David Booker david_booker at excite.com
Wed Dec 3 23:42:01 CET 2003


After publishing a normal page (static export on) that has my own template and css applied (both within a module I created, and published), the link to the css in the page's html points to an internal opencms address (opencms/opencms/system/modules/......) that which corresponds to the relative address I gave in my master template. So naturally the exported pages can't find the css. How can I force the css to export correctly? (the css for the default templates can also not be found when I use such templates and then publish).

The report I get when publishing a page looks like this:
Publishing resource ...
Publishing /test/page3.htm
Publishing /system/bodies/test/page3.htm
Static export, number of starting links is: 2
Exporting /test/page3.htm
Skipping /system/bodies/test/page3.htm
Skipping /system/modules/cochrane/resources/cclev3.css
... static export finished
Checking filesystem links ...
.. filesystem link check finished
... the resource has been published 

More details: The static files are served directly by Apache. OpenCMS is installed inside Tomcat, but the exported files are only served by Apache. 

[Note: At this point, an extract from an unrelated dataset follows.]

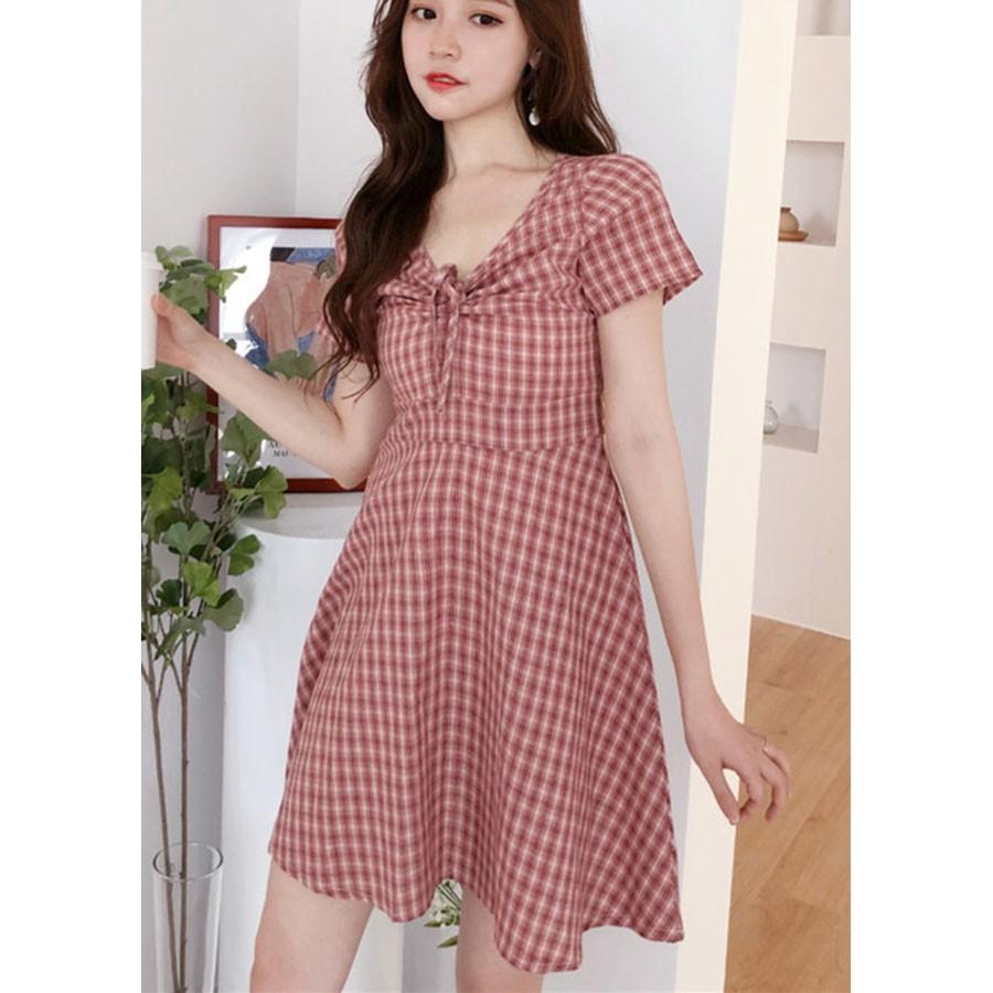 Đầm xòe kẻ ô vuông điệu đà, chất vải kate mềm mát, hàng nhập Quảng Châu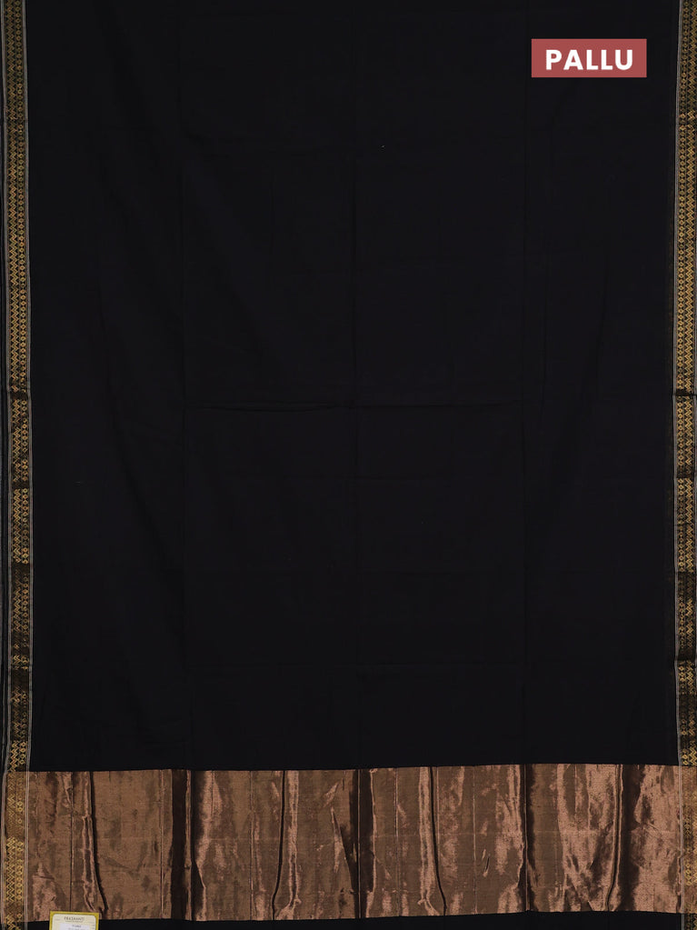 Bengal soft cotton saree black and yellow with plain body and zari woven border

Does this have something to do with getLinkSubstitution? If so, how do I use it?

I think it might, because when I make a regular 'horrizontal' link in the WYSWYG editor (link to another file in the same directory), I get a bad link error when publishing, and the link in the exported resource has file:///opencms/export/test/ added to the link address (where /test/ is the directory of the files). Or should setting relativelinks_in_export=true fix some of the problem? 

Also, the publishing process seems to have added directories opencms/export/resources within my export  target directory, but without any resources in the directories.

The stylesheet link in the exported html pages lacks a critical rel="stylesheet" attribute in the link tag for the css. Why is this? Without it, browsers don't know it's a stylesheet, and can't work!

My temporary fix has been to add in the rel="stylesheet" attribute and give an http address for a copy of the stylesheet in the jsp template. But Internet Explorer doesn't seem to be able to read CSS style sheets linked with an http address, only Netscape can..... So I'm still stuck. Suggestions?